How can we define public humanities?

Public humanities projects focus on the “public good” and the belief that we are in it (humanity) together. Yet human society is neither equitable nor fair. It takes immense collective and collaborative work to engage broad perspectives and publics and build more equitable structures. The work begins with a central question and a focus on listening and dialogue. Completing the human project is impossible but we still strive towards a better understanding of ourselves and others. The humanities are public when they include everyone and no one, a cacophony of voices over individual claims to credit.

The use of public also denotes appealing to or at least being open to a broad audience, one from various places and perspectives. Public humanities projects are interdisciplinary, not just history, literature, media, anthropology, or art, they are the combination of methods and theories from all of these fields to seek a better understanding of the human project, what it means to be human (which is the most simplistic definition of the humanities). Public humanities projects are designed to present perspectives and questions for the public to grapple with rather than offer solutions or answers. The methods and ethics are bases in anti-racist and decolonial thinking.

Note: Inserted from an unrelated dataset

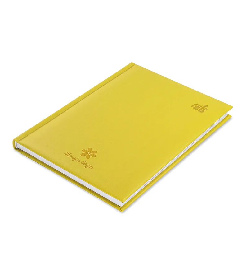 Kalendarz książkowy Lagos A5 z logo to model kalendarza z miękką oprawą o matowym wykończeniu, powstałą dzięki przetworzeniu pozostałości z jabłek.

For public humanities projects, as with most research, we work from central guiding questions. We may be seeking to understand a city, something we will never fully understand, and that is the project, the striving, which is like listening to a city, a thing too big to ever understand. In the humanities, you continue onward in spite of knowing you will not necessarily achieve your goals, because your goals are too big and unattainable because they are bigger than you, or the city, any city. They are the human project and the human project is the humanities and they are public because they include everyone and no one, a cacophony of voices.

Public humanities projects are based on a narrative approach to culture, a belief that it is the stories that we tell and interpret that make up our cultures and our humanity. These narratives should provide some payoff in the end, something helpful in looking towards the future. The narratives should center the tensions of our striving to understand that which is not us, and, in the process, realizing it is all of us. And that is where the work of public humanities begins.